Jednak ostatecznie rząd węgierski nie „wyjaśnił” pozycji uniwersytetu w krajowym systemie prawnym. Co gorsza, poprzez wypchnięcie uczelni poza granice kraju Orbán stworzył precedens dla innych przywódców państw UE o podobnych poglądach. Pięć dni po tym jak CEU zainaugurował otwarcie kampusu w Wiedniu, Węgry i Polska zawetowały europejską rezolucję przewidującą sporządzanie przez Komisję Europejską rocznego raportu dotyczącego stanu praworządności w krajach Unii Europejskiej.
Usunięcie Uniwersytetu Środkowoeuropejskiego z Węgier uwypukla dwie rzeczywistości w Unii Europejskiej. Po pierwsze, pomimo katastrofalnej próby podjętej przez brytyjskich konserwatystów w celu przywrócenia „suwerenności” w drodze brexitu i porażki nieco łagodniejszych partii optujących za „suwerennością” w majowych wyborach do Parlamentu Europejskiego, rządy w Polsce i na Węgrzech nadal stoją pod populistyczno-narodową flagą. Dla nich nie liczą się swobody gospodarcze bronione przez Komisję i Trybunał Sprawiedliwości Unii Europejskiej, lecz raczej wolność rządów w zakresie naruszania unijnych przepisów.
W rzeczywistości nękanie CEU przez rząd Orbána jest po prostu jednym z wielu ataków na wolności i polityczne prawa obywateli Węgier. Brak zdolności instytucji Unii Europejskiej do zatrzymania ataków Orbána na niezawisłość sądów oraz na wolność nauki i mediów pokazuje instytucjonalny brak równowagi w ramach Wspólnoty.

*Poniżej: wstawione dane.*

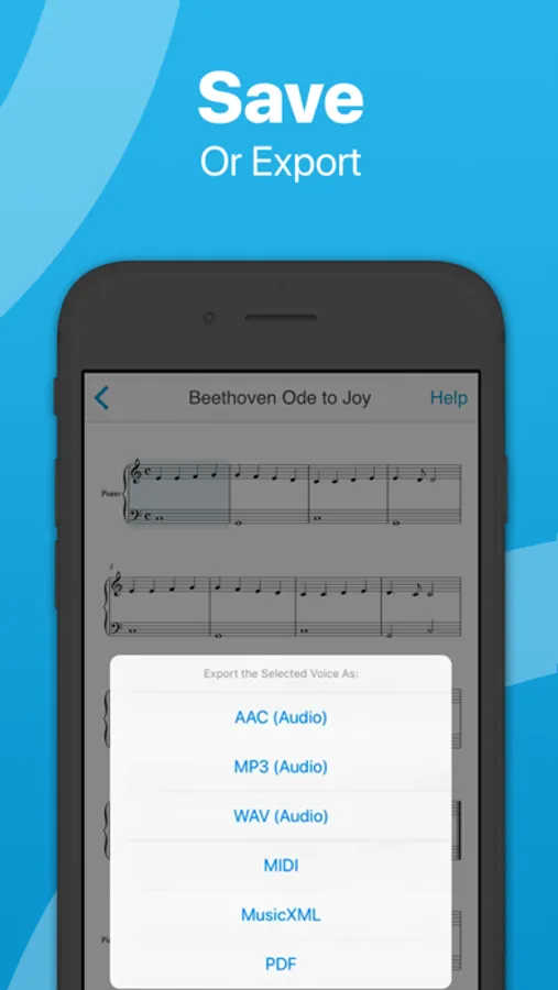 - Export as MIDI, MusicXML, audio (M4A / AAC, MP3, WAV), PDF to cloud storage, directly to other apps or via AirDrop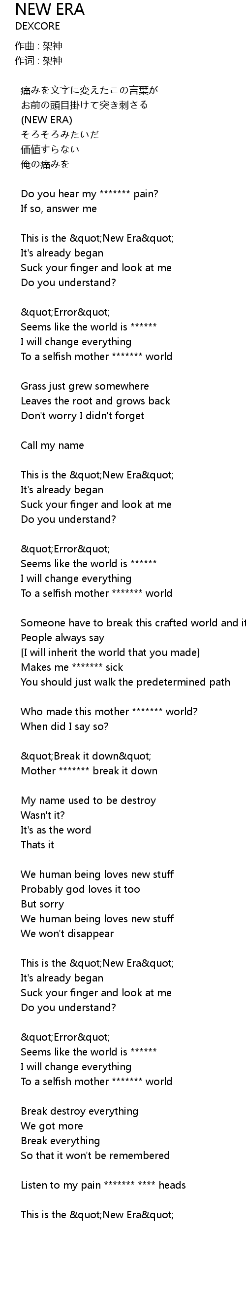 | Who made this mother ******* world? | |

Unia Europejska może zastosować sankcje wobec państw członkowskich za ograniczanie swobód gospodarczych, ma także uprawnienia umożliwiające nałożenie wymogów finansowych i ekonomicznych na państwa członkowskie, większe aniżeli posiadają amerykańskie władze federalne w stosunku do 50 stanów. Unia może na przykład ograniczyć zakres podejmowania demokratycznych decyzji odnośnie do kwestii budżetowych przez państwa członkowskie, może także ograniczyć prawo do strajku.

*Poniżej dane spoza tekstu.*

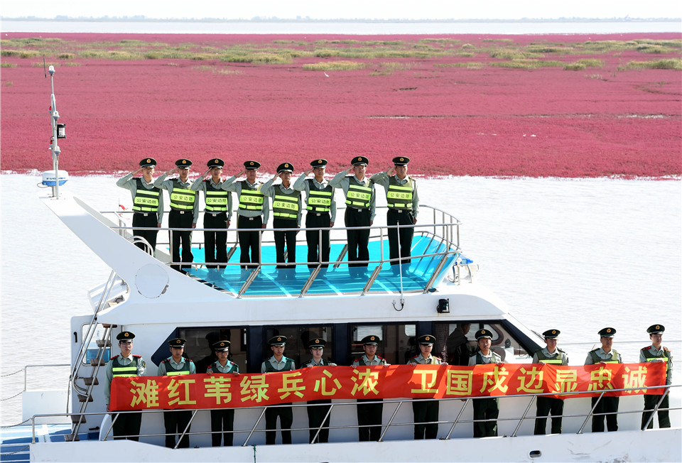 當(dāng)日,遼寧盤(pán)錦公安邊防支隊(duì)官兵以整齊的隊(duì)列,站立在紅海灘濕地前,向祖國(guó)敬禮,祝福生日快樂(lè)。該邊防支隊(duì)從建立之初就堅(jiān)持沿海巡邏,保護(hù)當(dāng)?shù)鬲?dú)特濕地生態(tài)資源。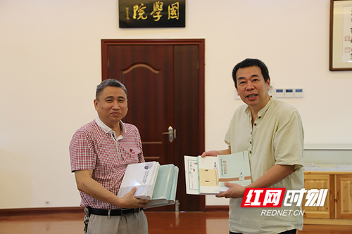 座谈在星空app官网集贤楼国学院小成堂举行。座谈中,两地国学院互赠了最新出版的学术著作。星空app官网国学院主编的《星空app官网国学院丛刊》已出版《晚周诸子学研究》、《宋代湖湘诗人群体与地域文化形象研究》二种,另出版有国家古籍整理出版专项经费资助项目成果《新元史》(10册)、《湖南朝阳岩石刻考释》二种。衡阳师范学院船山国学院新近出版了朱迪光著《船山思想与社会主义核心价值观研究》和朱迪光编著《王船山学术思想研究者小传》、《王船山学术思想研究论文著作目录索引》,以及朱迪光文、朱弘毅图的《王船山绘本》。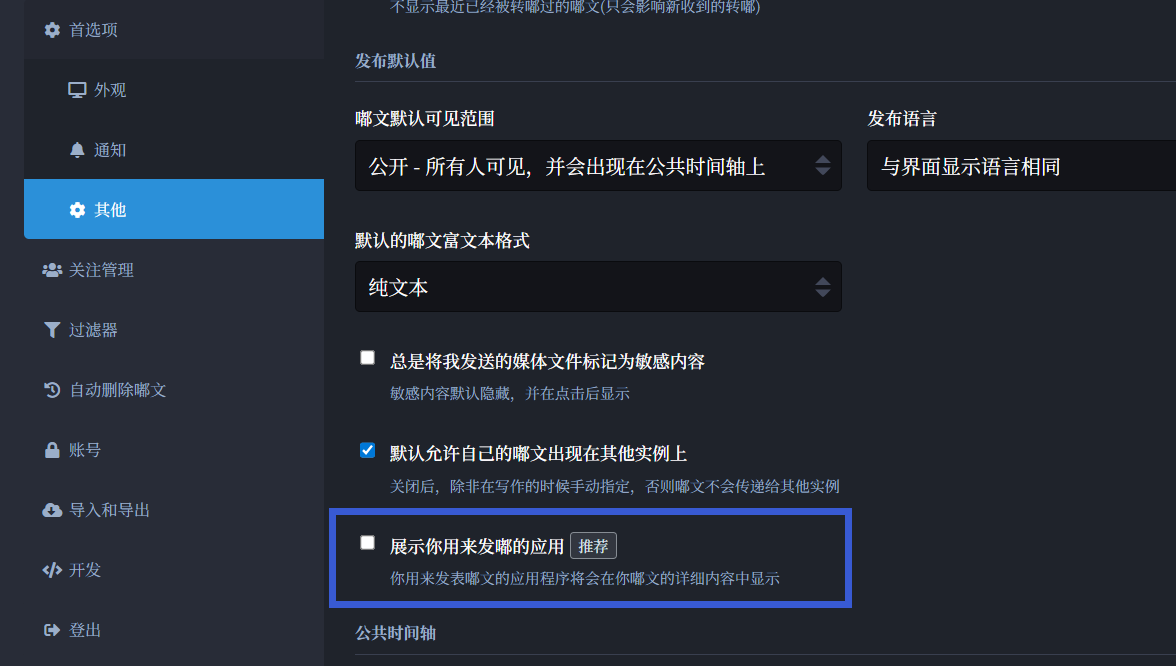 这个时候突然灵光一现,难道说、自己发的嘟文都会默认看到客户端?设置不显示之后,象友看不到但是自己看得到?就像关注列表的设置一样。得找个象友并且是同站象友问问,或者去看看源码,才能知道所谓的关闭设置是否生效。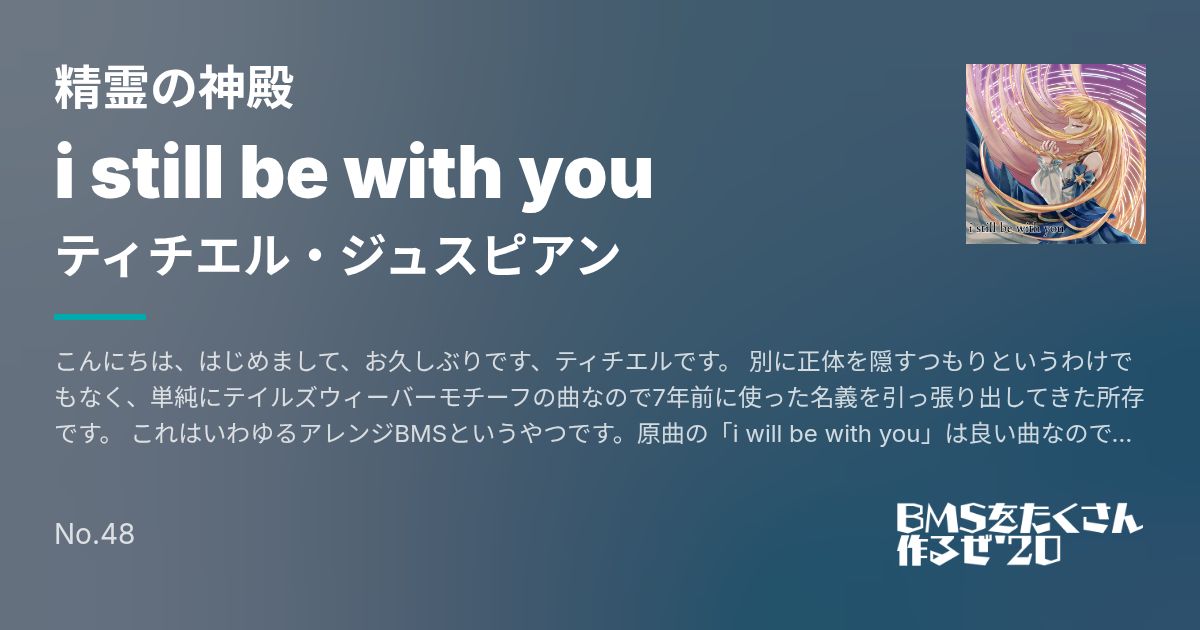 Artist: ティチエル・ジュスピアン Genre: 精霊の神殿 / こんにちは、はじめまして、お久しぶりです、ティチエルです。 別に正体を隠すつもりというわけでもなく、単純にテイルズウィーバーモチーフの曲なので7年前に使った名義を引っ張り出してきた所存です。 これはいわゆるアレンジBMSというやつです。原曲の「i will be with you」は良い曲なので、そっちも聞くといいです。

Jednak Unia Europejska posiada zdecydowanie mniej władzy, by bronić praw innych, niż pozagospodarcze. Znawca prawa Dimitry Kochenov, twierdzi, że „demokracja” Unii Europejskiej – choć tak wychwalana w tekstach prawnych – jest „raczej kruchą fasadą czegoś innego, chroniącą (unijny – przyp. red.) rynek przed obywatelami, a nie obywateli przed rynkiem”.

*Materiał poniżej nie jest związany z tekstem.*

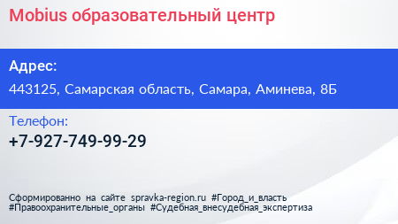 Mobius, образовательный центр по адресу 443125, Самарская область, Самара, Аминева, 8Б в дальнейшем Организация, размещена в следующих категориях: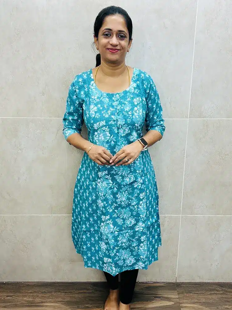 Printed Kantha cotton top (cotton lining) with Potli work on yoke (Aline pattern)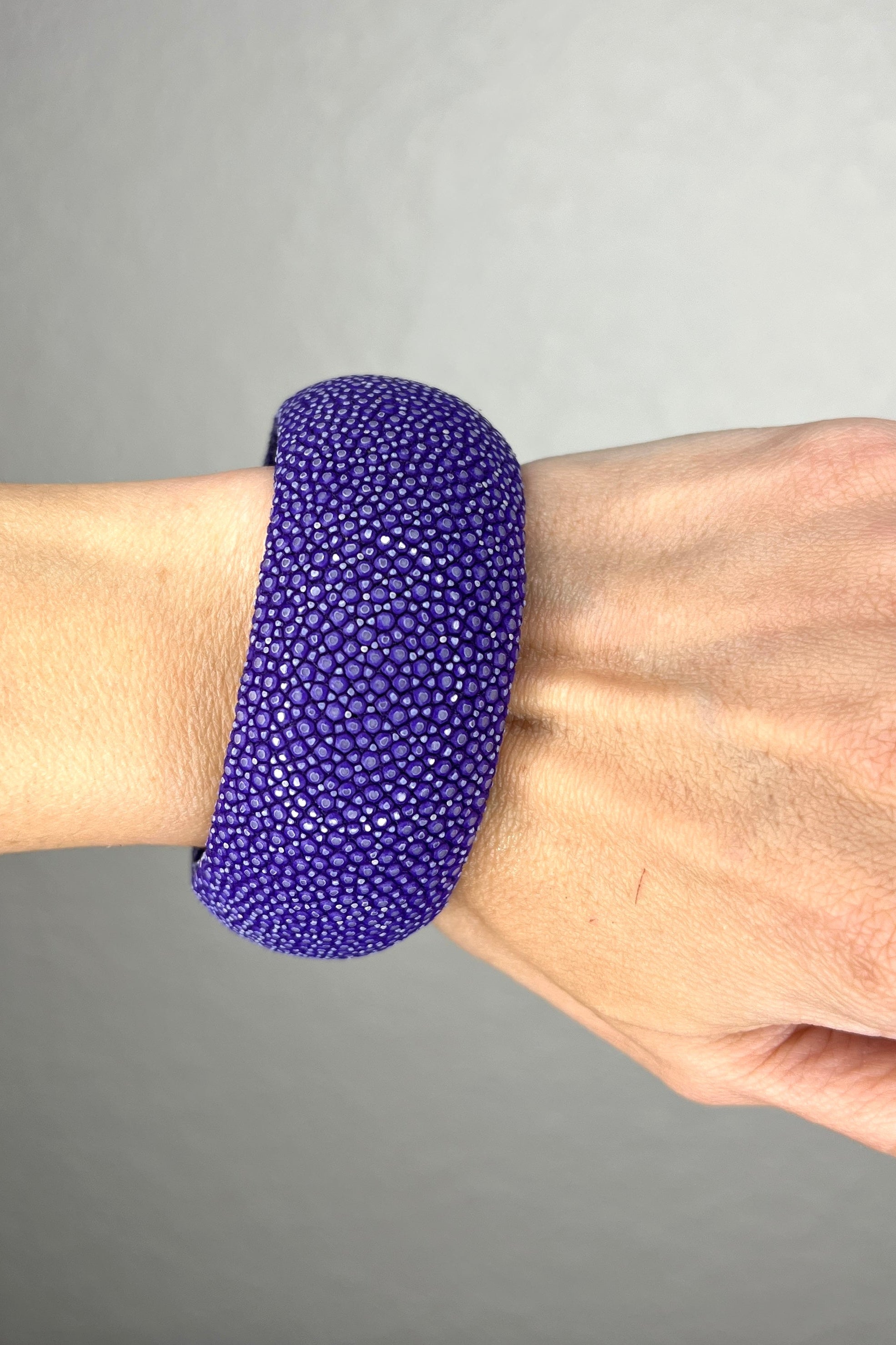 Elevate your wristwear with our Purple Shagreen Cuff, a luxurious and stylish accessory that adds a touch of sophistication to any ensemble. This exquisite cuff features genuine shagreen leather in a rich shade of purple, known for its unique texture and striking color.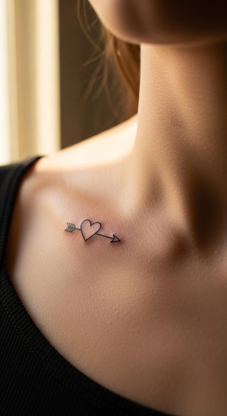 Heart and arrow pairs emotion on your collarbone. Envision a heart with a line. This is sweet and direct. Draw on paper. Use pins for placement. Fees at $55. Customize the arrow. Healing involves gentleness. Practice with drawings. Bold the key: pair shapes. It’s straightforward.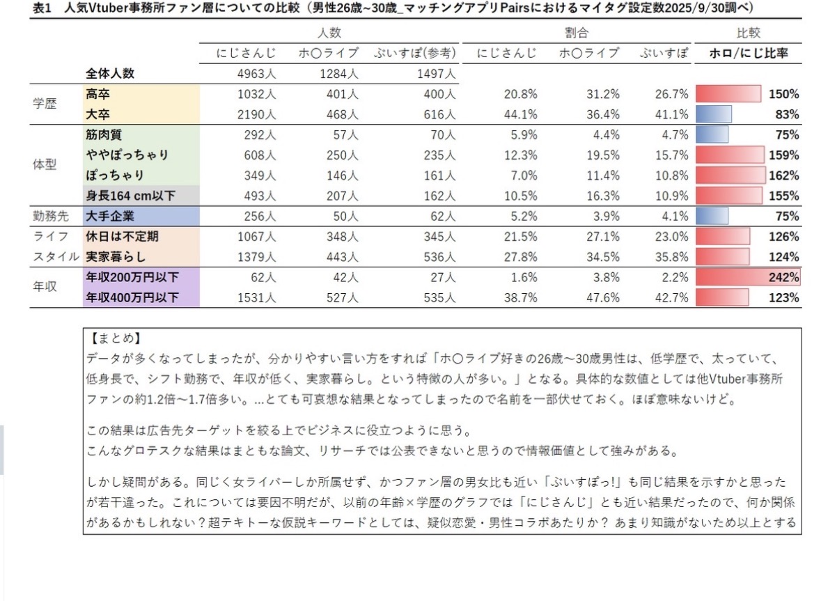 | … | 625/12/22(月)20:52:47No.1385165137そうだねx26にじさんじのリスナーが他2つに対してマッチングアプリ利用者が4倍近く |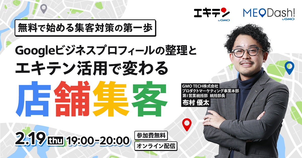 GMOインターネットグループのGMO TECH株式会社(代表取締役社長:鈴木 亮一)は、2026年2月19日(木)19:00より、GMOデザインワンとの共催ウェビナー「無料で始める集客対策の第一歩 ~Googleビジネスプロフィールの整理とエキテン活用で変わる店舗集客~」を開催します。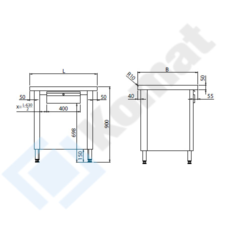 Stanowisko szafkowe bez półki. Blat centralny o grubości 50mm, skręcany na włos z blatami sąsiednimi. Pojedyncza szulfada z zamkiem pod blatem. Wykonanie stal nierdzewna AISI 304. Promień R10 na górnej krawędzi blatu.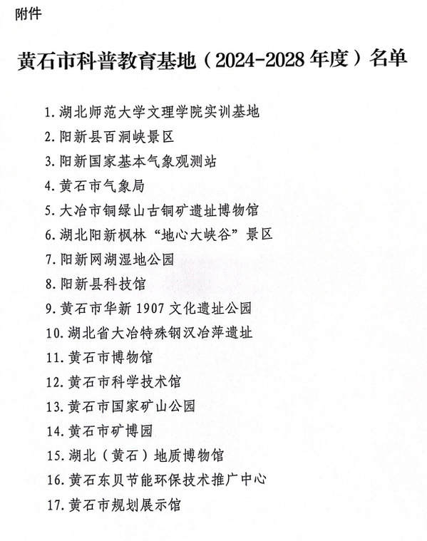 本网讯(通讯员 杨海梅)黄石市科协办近日发文,公布了“关于命名黄石市科普教育基地(2024—2028年度)的通知(黄科协办〔2023〕15号)”,黄石市共17家基地入选,Kaiyun科技股份有限公司实训基地均入选在列。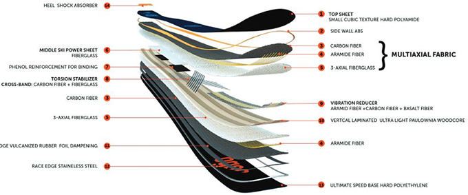 在制造滑雪板時(shí),僅添加了1%重量的Haydale石墨烯樹脂機(jī)械增強(qiáng)填料,滑雪板組件為50% UHMWPE,20%碳纖維,15%木芯,15%鋼
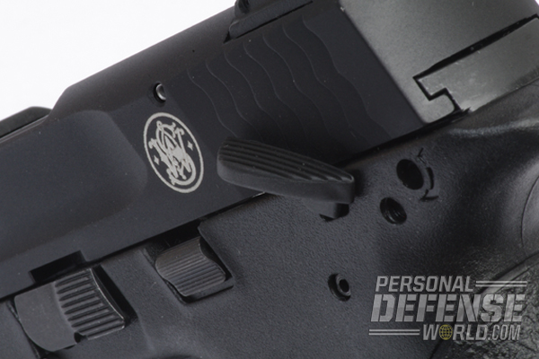 First and foremost, the M&P22 Compact is a hammer-fired single action rather than a double-action-only, striker-fired system like the standard M&P semi-auto. The trigger pull on my test pistol measured in at a 5.5 pounds. As a result of the pistol being a single action, it comes standard with an ambidextrous safety (as is available as an option on the standard centerfire pistol). The safety is located at the rear of the frame, and operates much like that of a 1911’s. In addition to the manual safety and the trigger safety, the pistol features a magazine safety, a trigger-activated firing pin block and an internal lock for manually locking the action of the pistol.

To, co spotkało CEU, wraz z innymi przykładami naruszania praw obywatelskich przez węgierski rząd, pokazuje brak woli europejskich polityków w zakresie powstrzymywania autokratów podobnych do Orbána. Członkowie EPP mogą potępiać Orbána i rewitalizację pojęcia suwerenności w jego wydaniu, w stylu z czasów sowieckich. Jednak, jak stwierdza R. Daniel Kelemen z Uniwersytetu Rutgersa, korzyści z głosów, których Orbán dostarcza EPP, zdecydowanie przewyższają koszty związane z utratą reputacji, które mogą być skutkiem dalszego popierania węgierskiego premiera.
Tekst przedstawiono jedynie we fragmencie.